Direct Manipulation, Affordances, Flow of interaction, Usability Design, Storyboarding, Narrative flow, Virtual Reality.
VEs are intended to provide three dimensional graphical representations of spaces for people to interact with. Users are enabled to freely roam through the spaces, interact with objects and other users present in the same space.
Whilst direct manipulation interfaces dynamically present 2D objects of interest, VEs provide moveable views onto 3D spaces representing places or structured objects in the attempt to create a coherent order to events and information (Kaur, 1998). Direct manipulation is concerned with allowing the user to directly act out their goals by providing them with icons which represent objects traditionally used in the real world to perform those actions (for example a paint brush icon to represent to action of painting).
Davenport & Bradley argue that we are bridging the gap between real and virtual worlds as researchers explore new forms of computer-mediated interactions among people, bits, and atoms. Designers are creating tangible user interfaces - digitallu augmented spaces, surfaces, objects, and instruments that make bits physically acessible and manipulable via graspable objects and ambient media. These interfaces emphasize visually intensive, hands-on foreground interactions and convey information subtly through our peripheral perceptions of the goings-on in the space around us. The room itself, the information that flows through it, the objects it contains, and the people engaged with it become collaborative co-actors (Davenport & Bradley, 1997, pp. 10-11).

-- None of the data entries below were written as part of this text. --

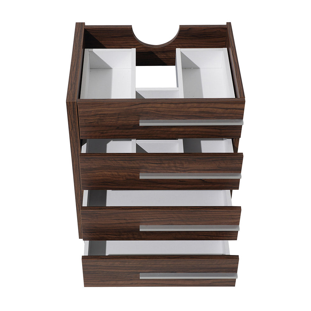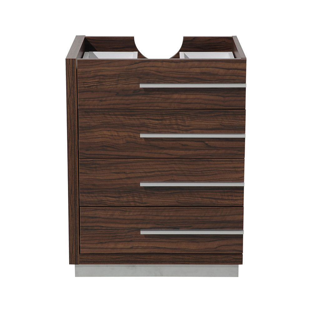 With clean lines and trendy offset brushed pulls, this stylish bathroom cabinet adds a touch of design elegance to any home. With four spacious soft closing drawers, the sleek Fresca Livello cabinet instantly updates tired décor. With a warm Walnut finish, this cabinet is a must-have for a modern or traditional bathroom. This Fresca Livello Modern Bathroom Cabinet measures 24” in width and also comes in a larger 30” width. It is available in the elegant finishes of Black, Gray Oak, Walnut, Teak and Glossy White.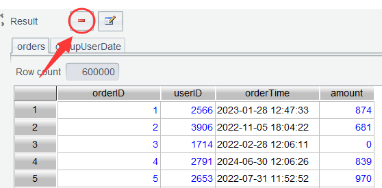 The subsequent analysis only needs the groupUserDate table. Select orders , click Delete icon and delete it to release memory space: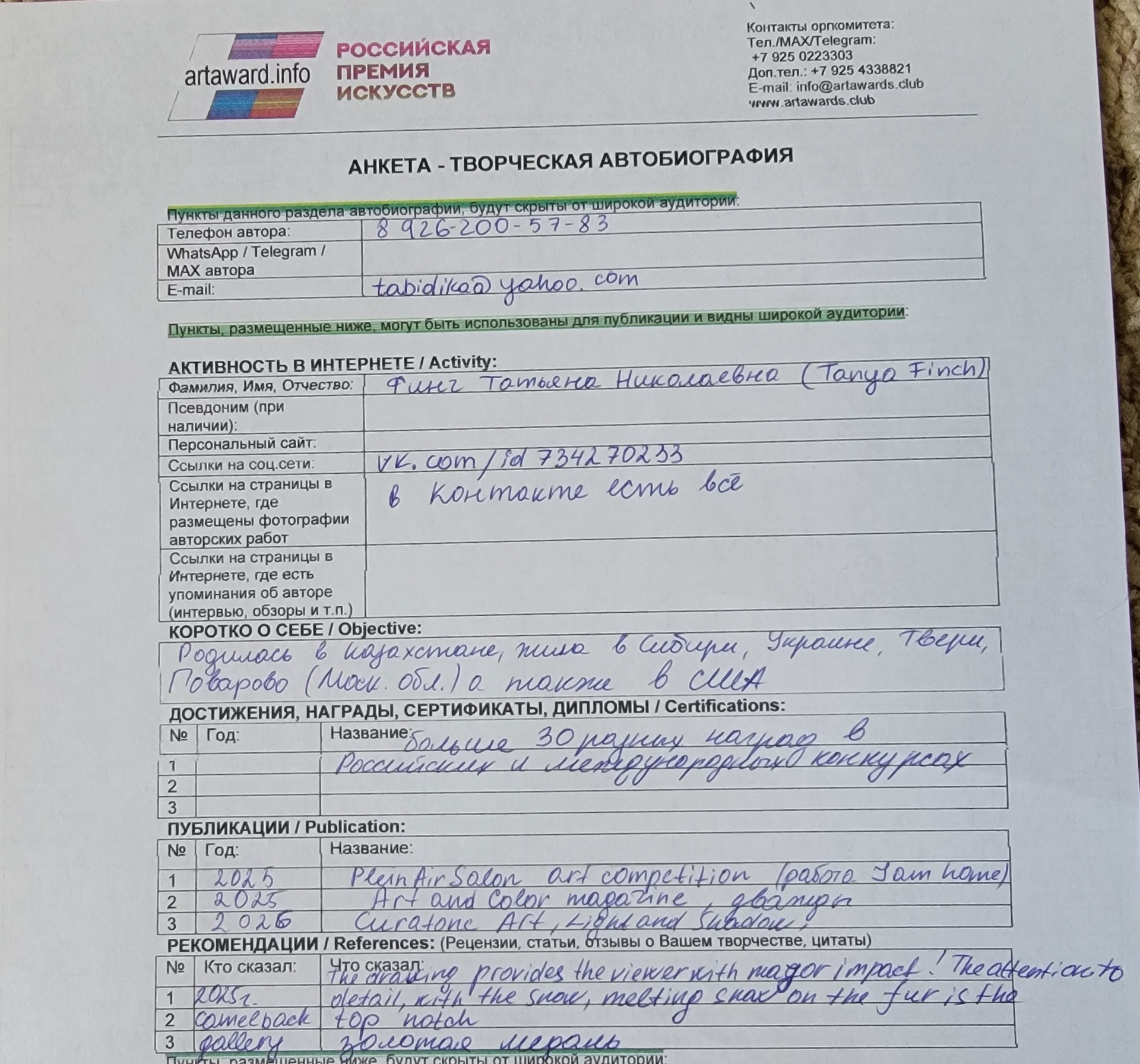 Аржановская Ольга Викторовна

Because of the freedom of navigation and interaction in VEs, it is difficult to predict what actions users will take, and in what order they will perform their actions. Users have been shown to struggle with finding the right order in which to perform actions, with finding their way through the environment, and navigating into precise positions (Kaur, 1997; Tromp & Snowdon, 1997, Tromp et. al.,1998b). Basically, we need to supply users with intuitively understood sequential affordances of the environment (Gaver, 1991).
Standard HCI design methods, developed for 2D interfaces, are using the notions of direct manipulation, perceptual affordances and sequential affordances to address issues of representation and user action guidance (Preece et al., 1994). Affordances are the properties of an object which determine how an object can be used (Norman, 1988). Perceptual affordances are visible controls which suggest functionality. Sequential affordances refer to the notion that acting on one perceptual affordance can lead to the perception of new information, leading to information indicating new affordances. The issue is how we can use these notions to inform the design of 3D objects and spaces for VEs.

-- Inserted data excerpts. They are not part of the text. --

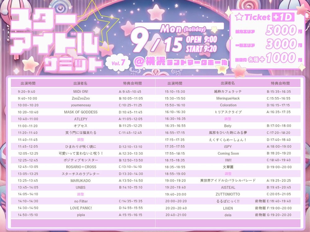 『スターアイドルサミット vol.7』 SCHEDULE 2025/09/15(月) 13:45 - 23:59 横浜ランドマークホール ■開場/開演:9:00/9:20 ■通常エリアチケット:3,000円 ■前方エリアチケット:5,000円 ■当日チケット:各種+1,000円 ※各種+別途1ドリンク ■再入場:可能(1D必須) 🎤出演13:45-(20) 👑特典会14:10-15:10 チケット URLをコピーする 報告する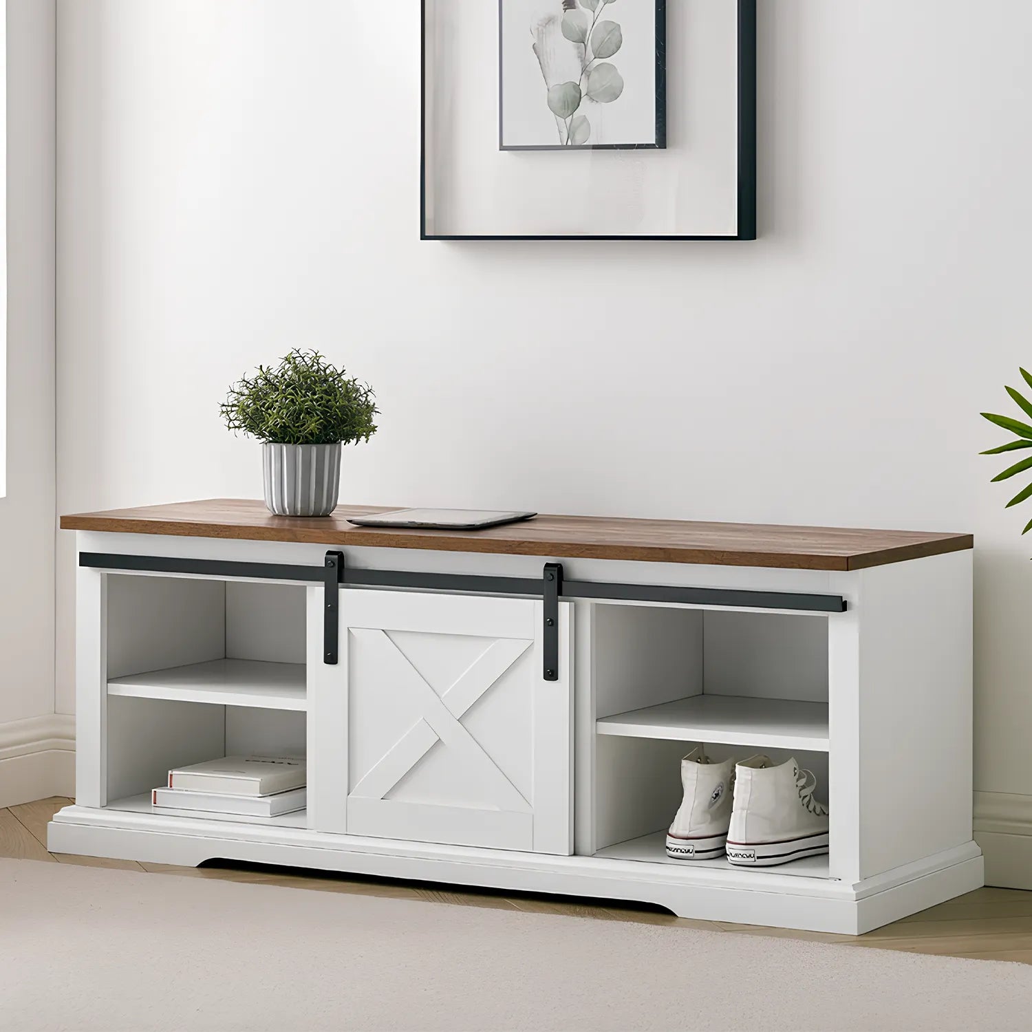 Hallway Bench - Golden Walnut and White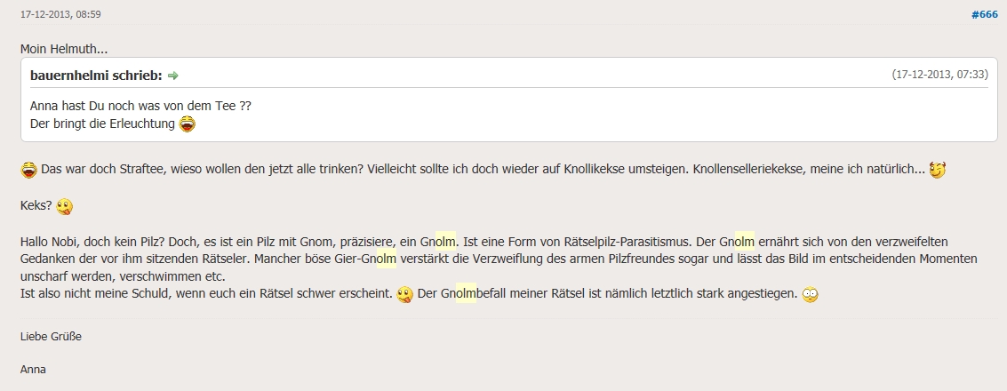 Gnolme: Koboldartige, imaginäre Wesen, die dieses Rätsel vollständig durchdrungen haben und ein ungesteuertes Eigenleben führen. Von Tuppie aufs Vortrefflichste portraitiert. Der Name hat seinen Ursprung in den Begriffen "Gnom" und "Olm".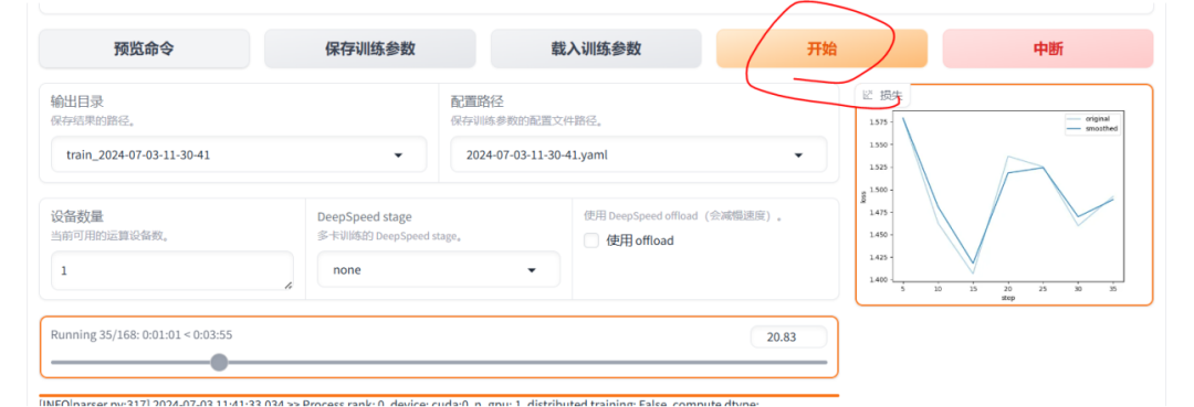 在开始训练之前,用户可以预览所有的训练参数,确保配置无误。
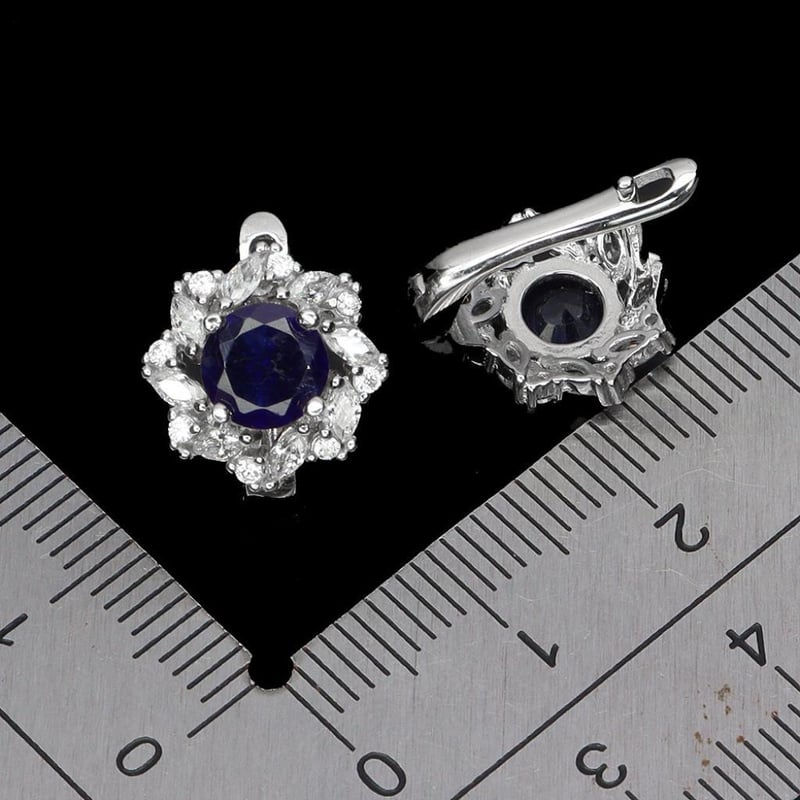 Natural Midnight Blue Sapphire Earrings. Made In Solid Sterling Silver And Plated In14K White Gold. Features Natural Midnight Blue Sapphires And Sparkling Czs. Earrings Measure 14X12Mm.

Arnheim states that visual perception is not a passive recording of stimulus material, but an active concern of the mind. Perception involves problem solving, because everything in this world presents itself in context and is modulated by that context. When the image of an object changes, the observer must know whether the change is due to the object itself or to the context or both, otherwise he understands neither the object nor its surroundings. Intertwined though the two appear, one attempts to tease them appart, especially by watching the same object in different contexts and the same context acting on different objects. The object under observation must, then, be abstracted from its context. This can be done in two fundamentally different ways. The observer may wish to peel off the context in order to obtain the object as it is and as it behaves by itself, as though it existed in complete isolation. The observer may also wish to find out about the object by observing all the changes it undergoes and induces because of its place and function in its setting. Here the abstraction, while singling out the object, does not relinquish the effects of the context but relies on them for an indispensable part of the information. (Arnheim, 1996, pp. 36-37).

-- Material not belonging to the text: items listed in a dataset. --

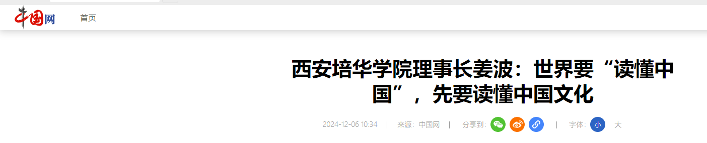 “改革开放是党和人民事业大踏步赶上时代的重要法宝。”受邀出席2024年“读懂中国”国际会议(广州)的世界华人协会副会长、世界杰出华人获奖者、西安培华学院理事长姜波在会上表示:世界要读懂中国,首先要读懂中国的文化。他在研讨会上推广了博大精深、源远流长的中华民族优秀传统文化,并向在场嘉宾介绍“中国”的由来,以及背后的文化意蕴,激发了现场嘉宾对中国优秀传统文化探索与学习的浓厚兴趣。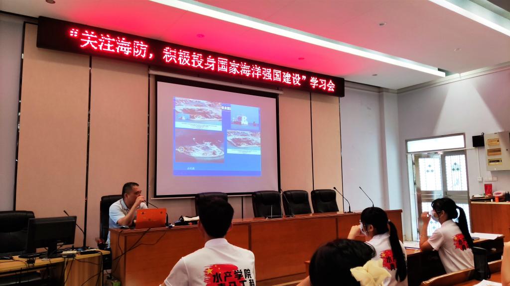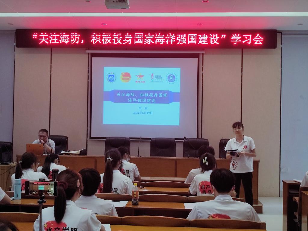 为增强我院青年学子关注国家海防意识,鼓励积极投身国家海洋强国建设。6月29日,我院第六期“青马工程”培训班在水产楼109举办“关注海防,积极投身国家海洋强国建设”学习会。本次学习会由辅导员朱剑老师主讲,约40名“青马”学员参加。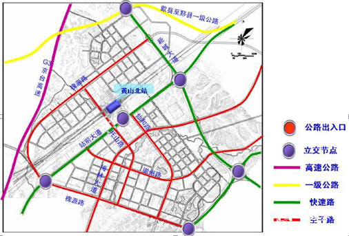 黄山北站位于徽州西溪南,是京福铁路、黄杭铁路、皖赣铁路复线的联结点,京台高速、杭瑞高速、黄祁高速、屯婺高速的交汇处,毗邻黄山风景区,距离屯溪国际机场仅7公里,是徽州南部城镇群的重要节点,建成后将成为徽州、乃至皖南最大的综合交通枢纽。

Suchman introduced the term 'situated action' to refer to the notion that every course of action depends in essential ways upon its matreial and social circumstances. Rather than attempting to abstract the action away from its circumstances and represent it as a rational plan, the approach is to study how poeple use their circumstances to achieve intelligent action. Rather than build a theory of action out of a theory of plans, the aim is to investigate how poeple produce and find evidence for plans in the course of situated action. (Suchman, 1987, p. 50). Even the specialist's skill is situationally defined. The key to being an "expert" is not "to learn everything", but to reduce the size of a "knowledge situation" until one is able to master all that is in it (Meyrowitz, 1985, p. 326).
During the COVEN Project a virtual environment has been build on top of dVS from Division Ltd. This platform provides 3D information in the general area of travel. Two Inspections (Cognitive Walkthroughs) were made of the COVEN platform (Steed et al, 1997, Tromp et al, 1998) was made to establish whether the design supported users, and if not how to improve this. Numerous remarks made by the Inspectors illustrate a certain need for guideance, which can be traced back to the lack of narrative structure in the design of the interactions. Below are few examples.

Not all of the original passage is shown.